Records provided =
_ _ _ _ _ _ _
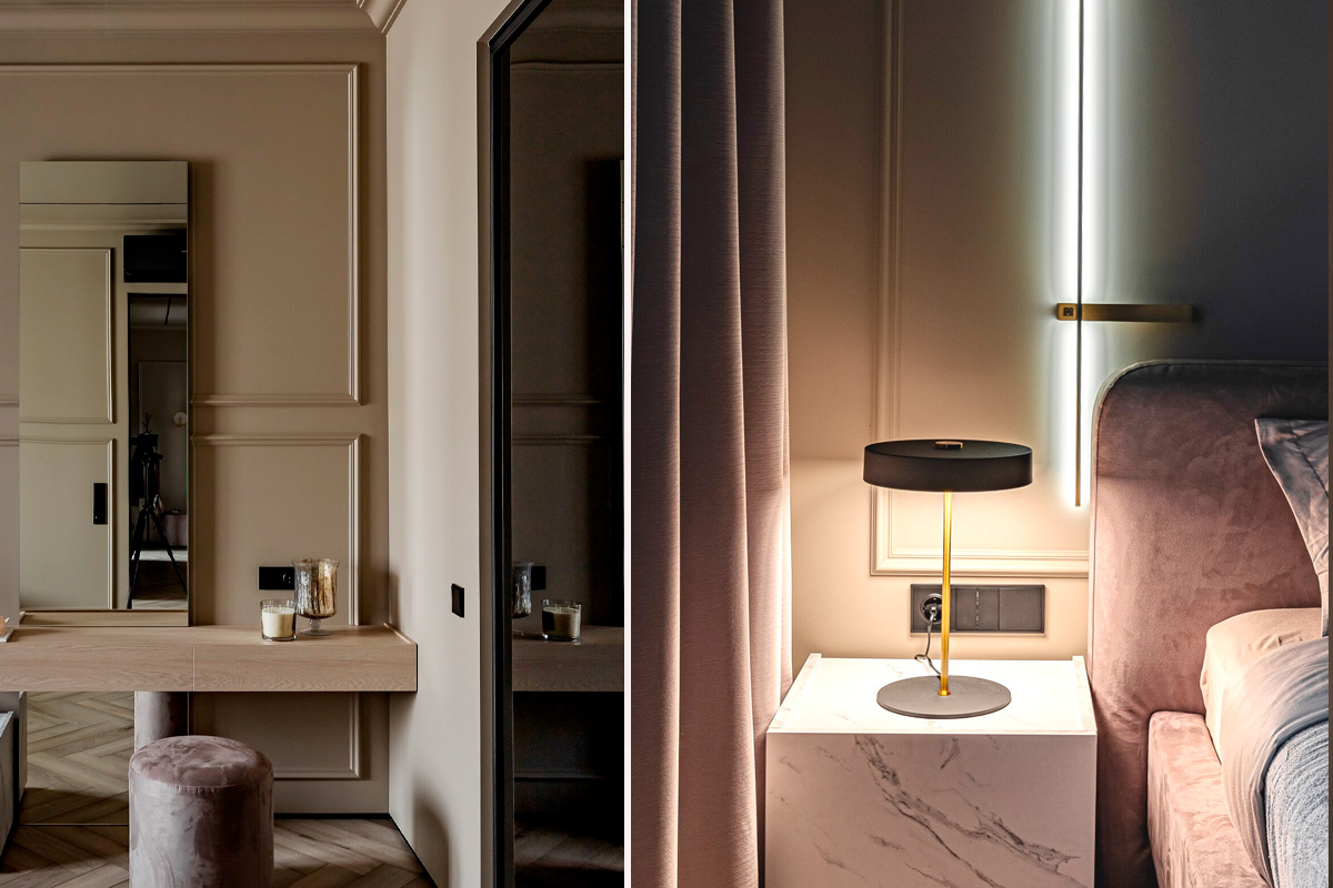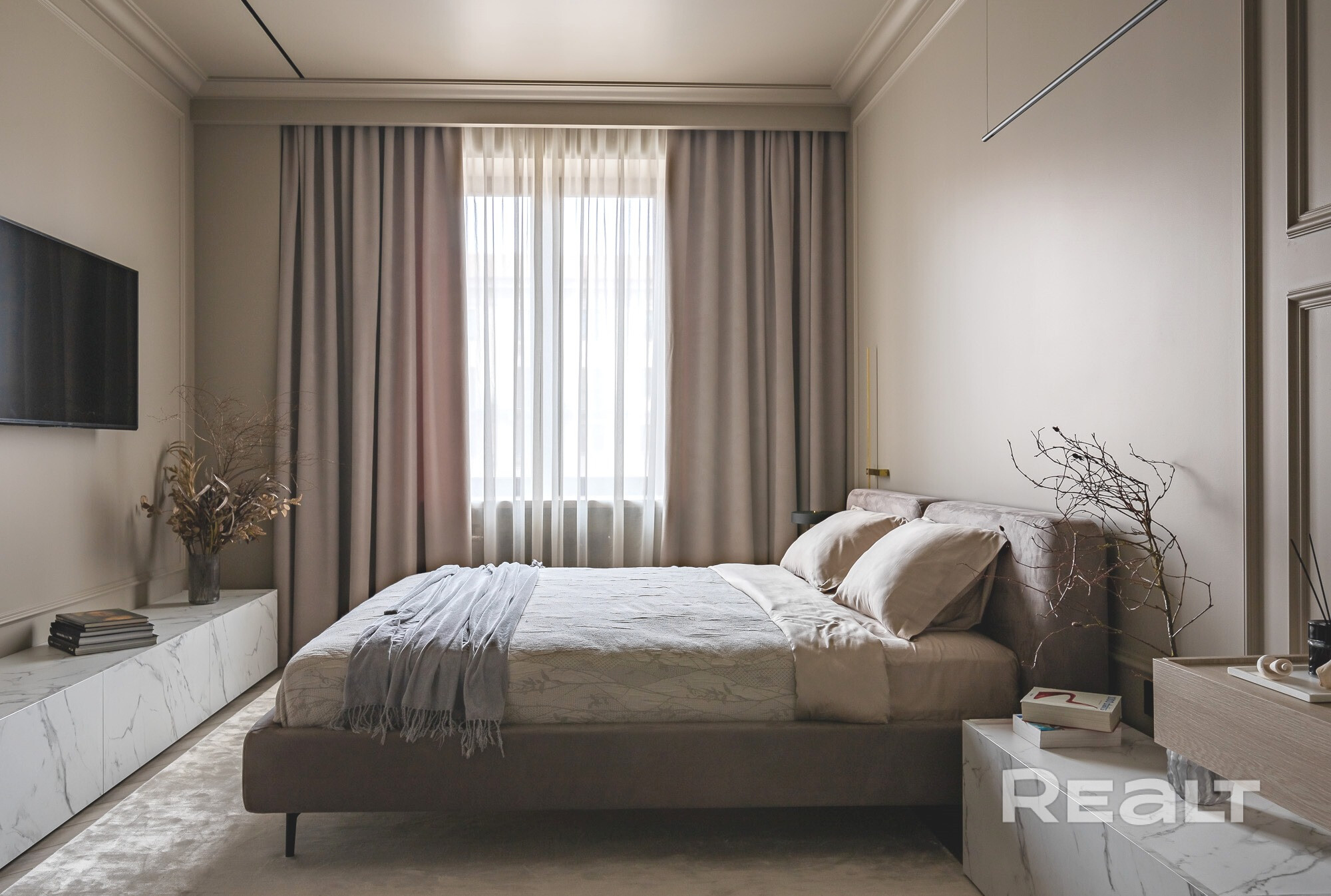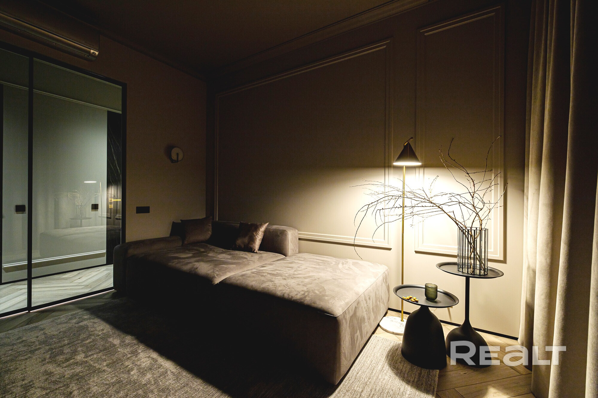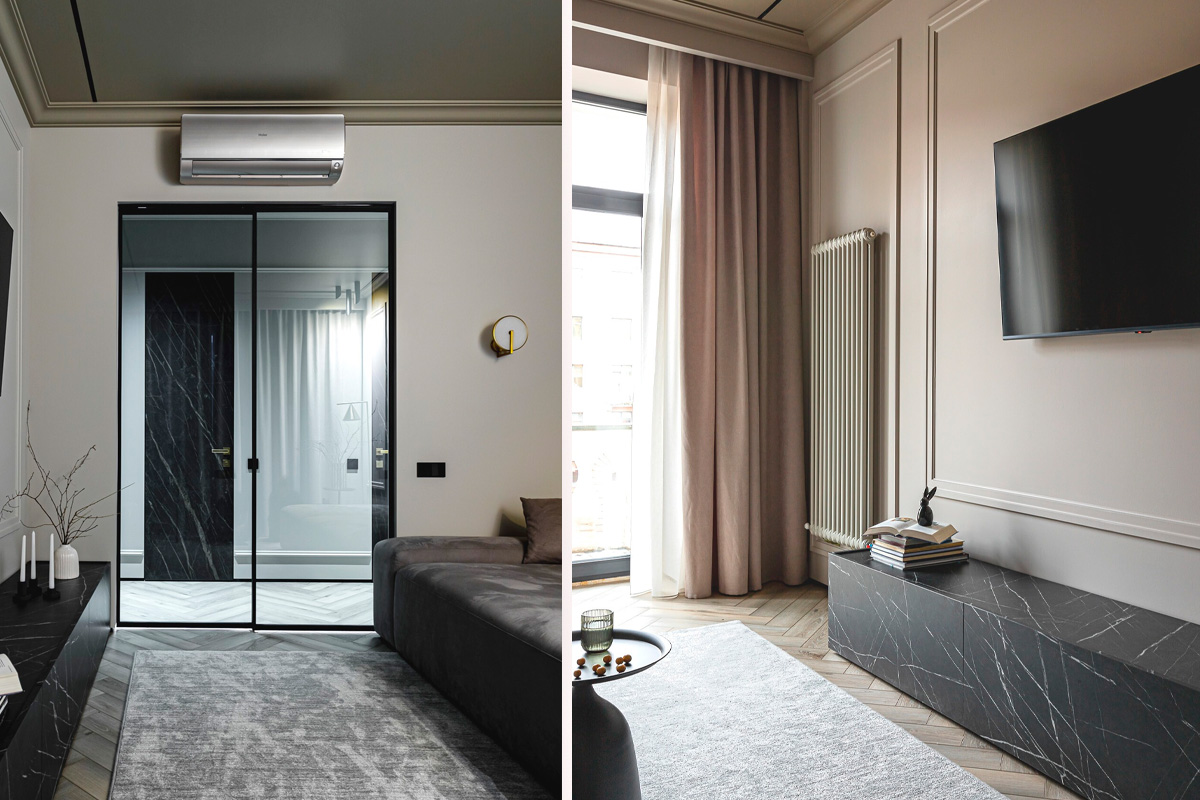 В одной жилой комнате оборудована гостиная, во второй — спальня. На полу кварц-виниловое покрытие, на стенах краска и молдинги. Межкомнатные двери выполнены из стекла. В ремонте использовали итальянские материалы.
_ _ _ _ _ _ _
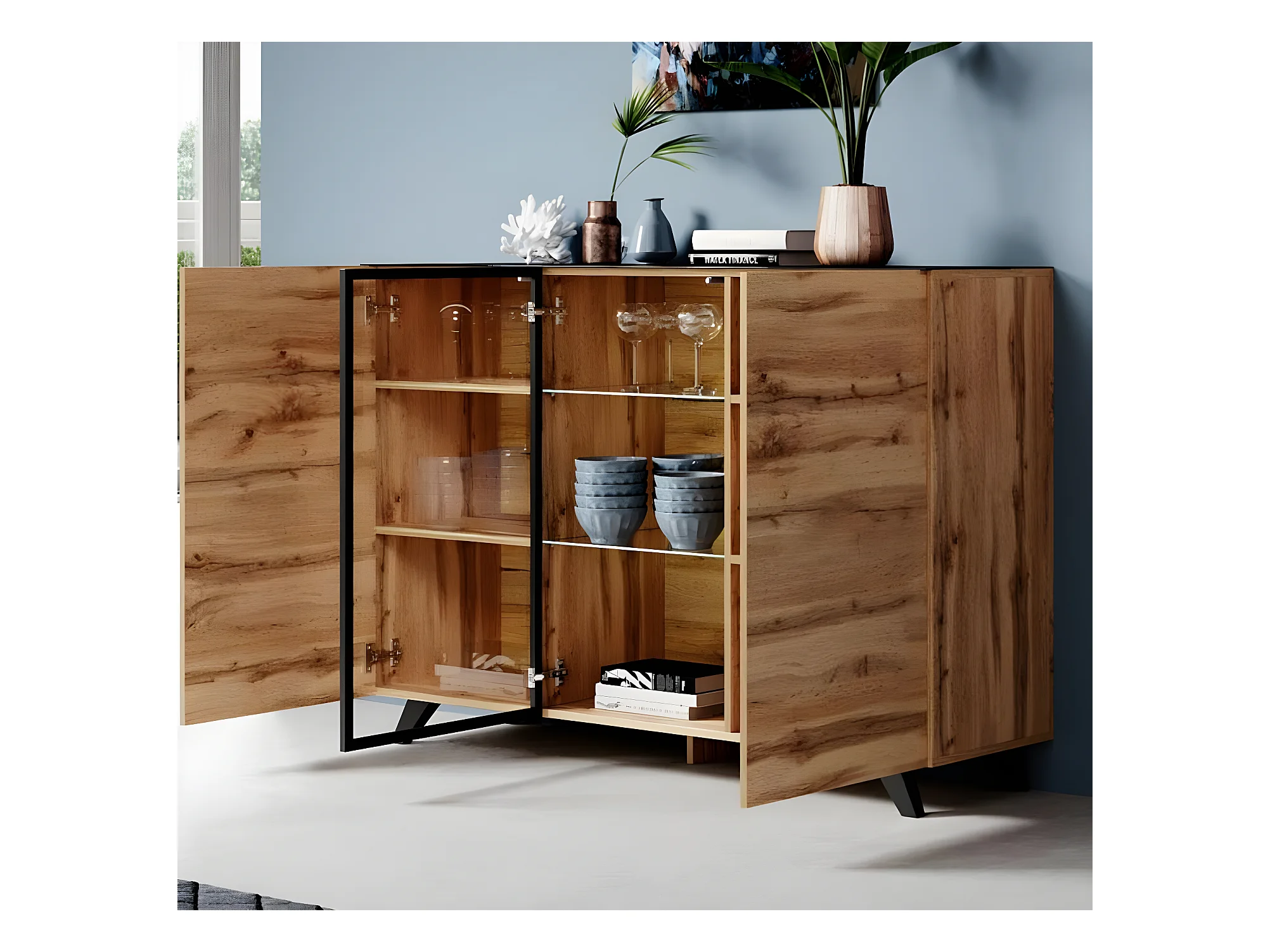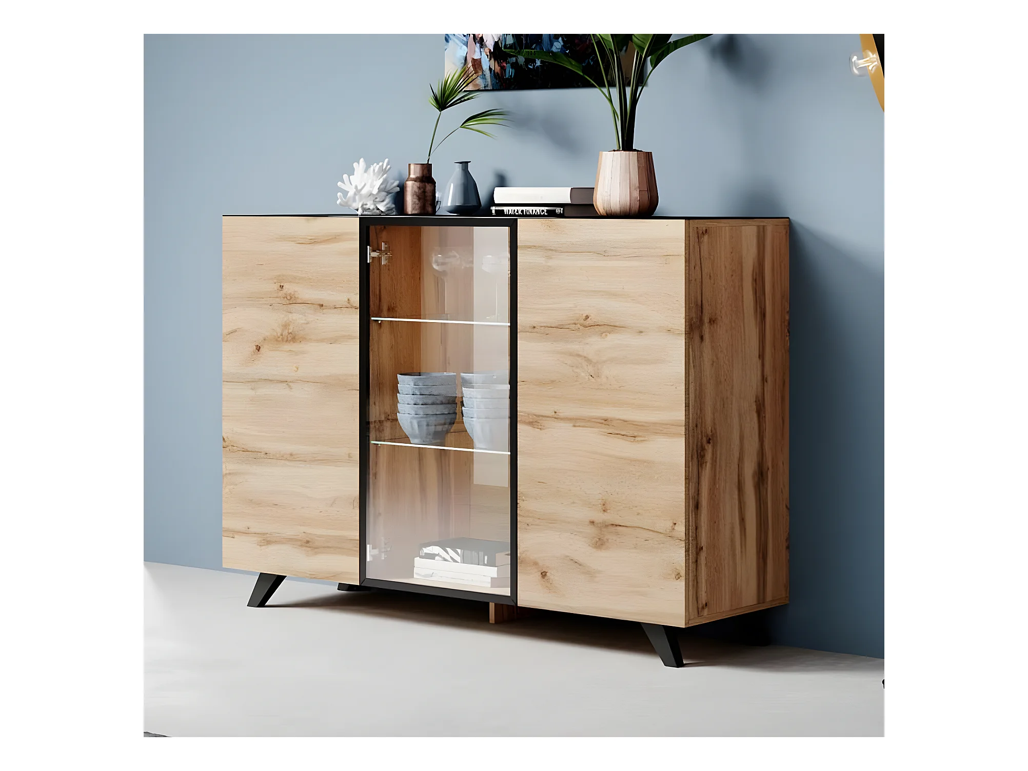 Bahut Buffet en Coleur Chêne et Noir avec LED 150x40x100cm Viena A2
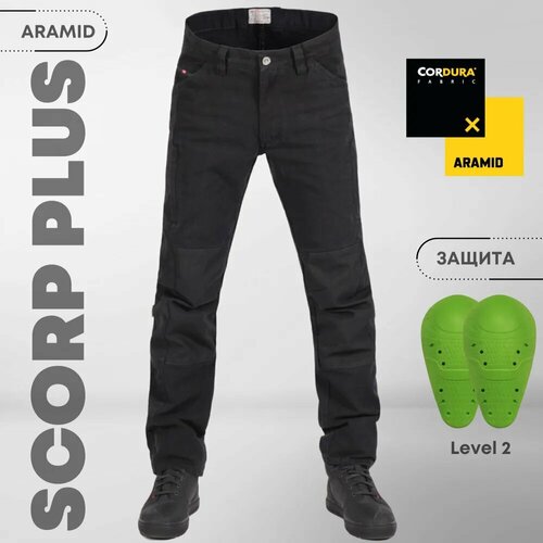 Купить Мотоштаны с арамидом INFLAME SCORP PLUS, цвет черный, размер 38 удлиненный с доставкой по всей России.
_ _ _ _ _ _ _
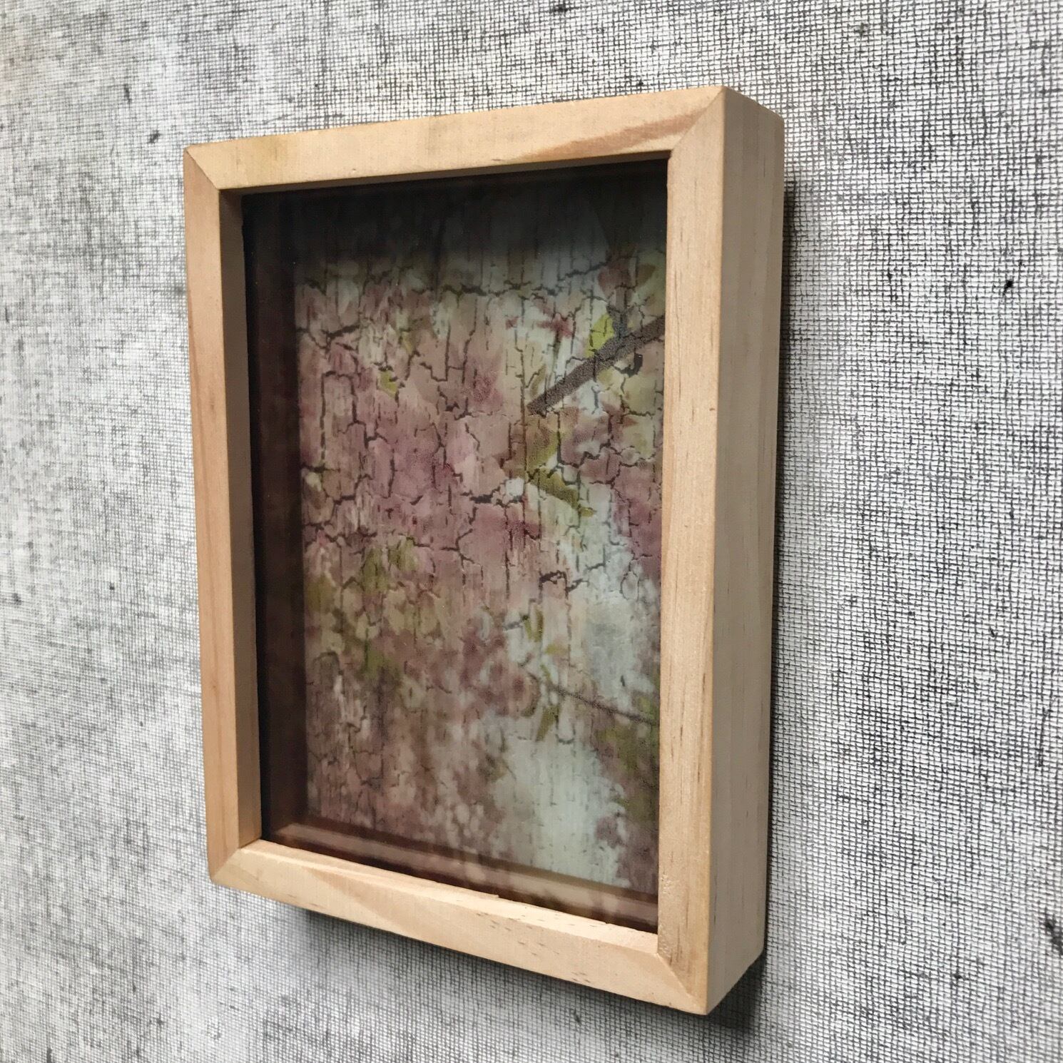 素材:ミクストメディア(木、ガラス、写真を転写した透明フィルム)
_ _ _ _ _ _ _
Task brief = Transcribe, word for word, the lines of the listing above from the one that contains "Bahut Buffet en" through the one that contains "Купить Мотоштаны с", keeping both ends and dropping the pictures.

Completed exercise =
 Bahut Buffet en Coleur Chêne et Noir avec LED 150x40x100cm Viena A2
 Купить Мотоштаны с арамидом INFLAME SCORP PLUS, цвет черный, размер 38 удлиненный с доставкой по всей России.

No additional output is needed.